FIG. 9 is an enlarged plane view of a second pixel portion 41b in the solid-state imaging device according to the second embodiment. As shown in FIG. 9, the solid-state imaging device according to the second embodiment is the same as the solid-state imaging device 10 according to the first embodiment in that a shield layer for light sensing layer 42 takes the shape of a polygon that is nearly a rectangle corresponding to the shape of the light sensing layer 19. However, the solid-state imaging device according to the second embodiment is different from the solid-state imaging device 10 according to the first embodiment in that the shield layer for light sensing layer 42 has concave parts 42a in two places on one side adjacent to the first transfer gate portion 13b having the first transfer electrode 25. Each concave part 42a takes a shape in which the length Wrx (width) in the X (+) direction spreads toward the Y(+) direction.

The shield layer for light sensing layer 42 having such plurality of concave parts 42a covers the light sensing layer 19 so as to expose a part of the light sensing layer 19 from inside of each of the concave parts 42a. The shield layer for light sensing layer 42 is provided so as to cause a partial area adjacent to each of the concave parts 42a to jut out into the first transfer gate portion 13b.

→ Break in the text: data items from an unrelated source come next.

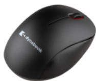
Mouse Bluetooth Dynabook silenzioso T120 (PA5349E-1ETE)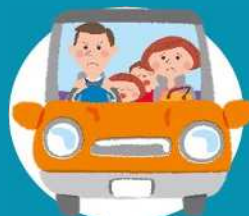
ドライブの渋滞時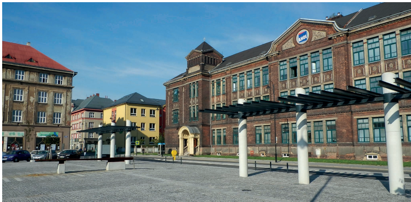
Výsledná podoba horní části náměstí

Náměstí je zklidněno s omezením dopravy, vizuálně je odděleno od rušné Halasovy ulice dvěma pergolami z betonu a oceli, ve svém podélném směru je vybaveno komunikacemi jen pro cílový vjezd – parkování, zásobování. Vnitřní komunikace v náměstí z ulic opatřeny nájezdem, obrubníky zvýšeny. Mobiliář, osvětlení a zeleň vloženy v liniích do pruhů v žulových kostkách a mozaice s odlišným vzhledem a odstínem materiálu – to umožňuje také bezproblémový strojní úklid. Vnitřní plocha náměstí je dělena pomocí pruhů deskové žuly do pravidelného rastru, navazuje tak na obdobné řešení nedalekých ploch před kostelem sv. Pavla. V horní části mezi pergoly osazena fontána – výtok pitné vody se žlabem z Cortenu, původní návrh s novodobou kašnou byl na žádost zástupců městské části Vítkovic redukován z důvodu omezení nákladnější údržby. Do vnitřní plochy je přivedeno NN (nízké napětí), voda a kanalizace pro pořádání různých trhů, jarmarků, vánočního prodeje kaprů, kulturních akcí apod.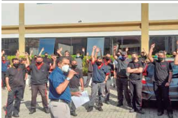
PLR na Modefer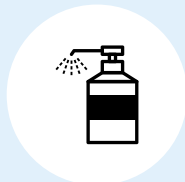
除菌スプレー設置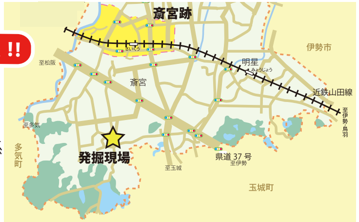
はじきしょうせいこう

For example, in a case where a width Ws of the light sensing layer 19 is 10 μm, the shield layer for light sensing layer 42 is provided so as to cause a distance L between one end of the light sensing layer 19 and a bottom side 42a-1 of the concave part 42a, i.e., a distance L between one end of the N type impurity layer and one end of the P type impurity layer to become 0.8 μm.

By the way, although illustration is omitted, each of the first, third and fourth pixel portions in the solid-state imaging device according to the second embodiment also has a configuration similar to that shown in FIG. 9.

Even in a case where a plurality of concave parts 42a are provided in the shield layer for light sensing layer 42 in this way, a variation of an area of the light sensing layer 19 exposed between the shield layer for light sensing layer 42 and the first transfer gate portions 13a to 13d in a case where the light sensing layer 19 and the shield layer for light sensing layer 42 deviate from ideal positions due to, for example, a manufacture error can be made smaller than that in the conventional solid-state imaging device. In other words, it is possible to prevent a barrier or a dip from being generated in the electric potential between the light sensing layer 19 and the first transfer gate portions 13a to 13d.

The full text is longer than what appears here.